(Work required):
Take from the entries below the stretch from the line with "Соцветия крупные (14–20" through the line with "Fresh flowers add", and return it exactly, leaving the pictures out.

[Opening Raw data section]

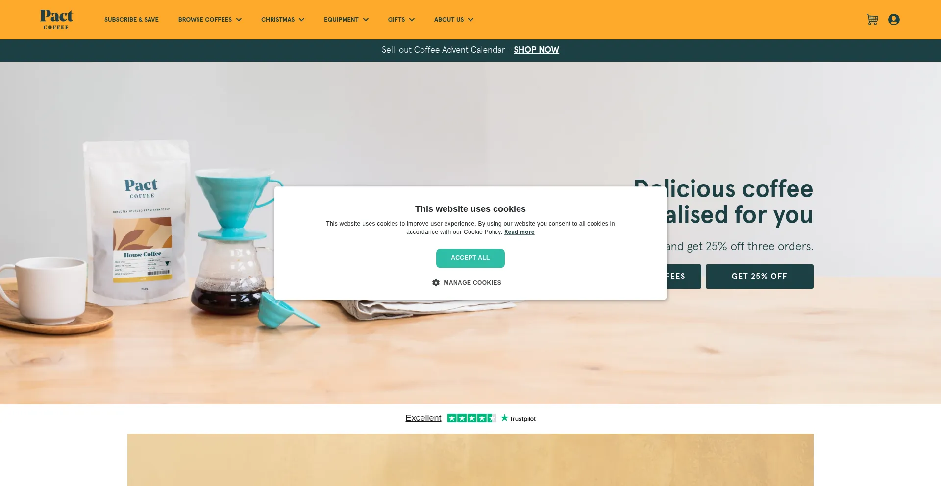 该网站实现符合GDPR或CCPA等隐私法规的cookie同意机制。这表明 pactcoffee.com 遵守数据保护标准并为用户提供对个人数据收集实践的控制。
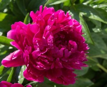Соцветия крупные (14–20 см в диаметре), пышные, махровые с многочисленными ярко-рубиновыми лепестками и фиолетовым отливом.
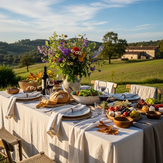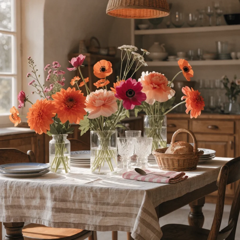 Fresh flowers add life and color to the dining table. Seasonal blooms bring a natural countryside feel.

[Closing Raw data section]
[Opening Raw data section]

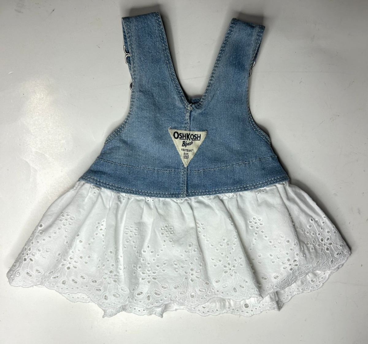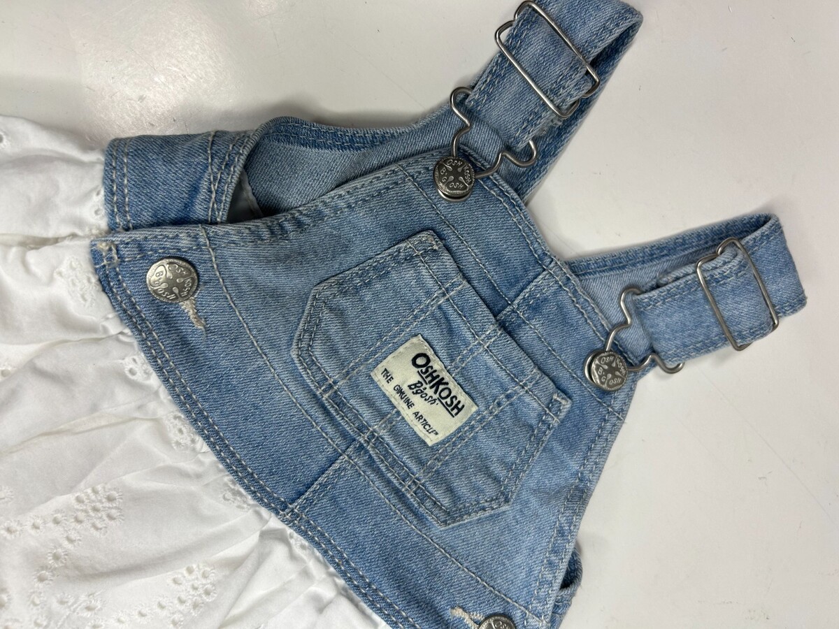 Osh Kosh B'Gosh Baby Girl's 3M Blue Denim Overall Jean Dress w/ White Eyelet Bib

[Closing Raw data section]
[Opening Raw data section]

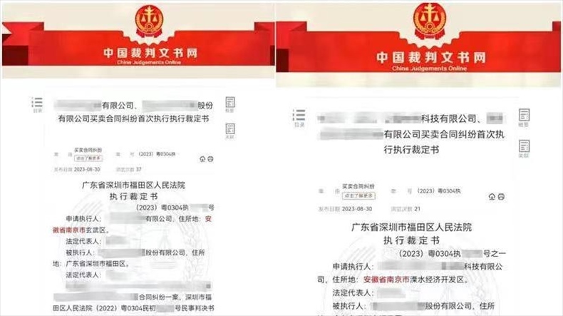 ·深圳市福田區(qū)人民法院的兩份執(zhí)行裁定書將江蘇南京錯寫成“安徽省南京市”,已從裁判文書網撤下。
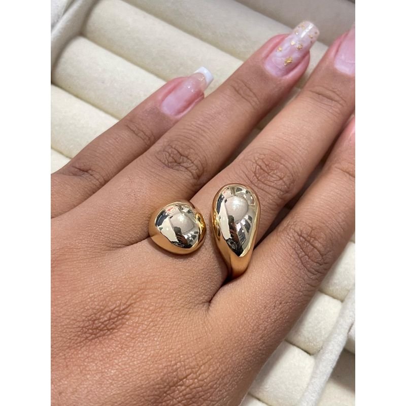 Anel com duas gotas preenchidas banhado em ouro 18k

[Closing Raw data section]

(Result for this exercise):
Соцветия крупные (14–20 см в диаметре), пышные, махровые с многочисленными ярко-рубиновыми лепестками и фиолетовым отливом.
 Fresh flowers add life and color to the dining table. Seasonal blooms bring a natural countryside feel.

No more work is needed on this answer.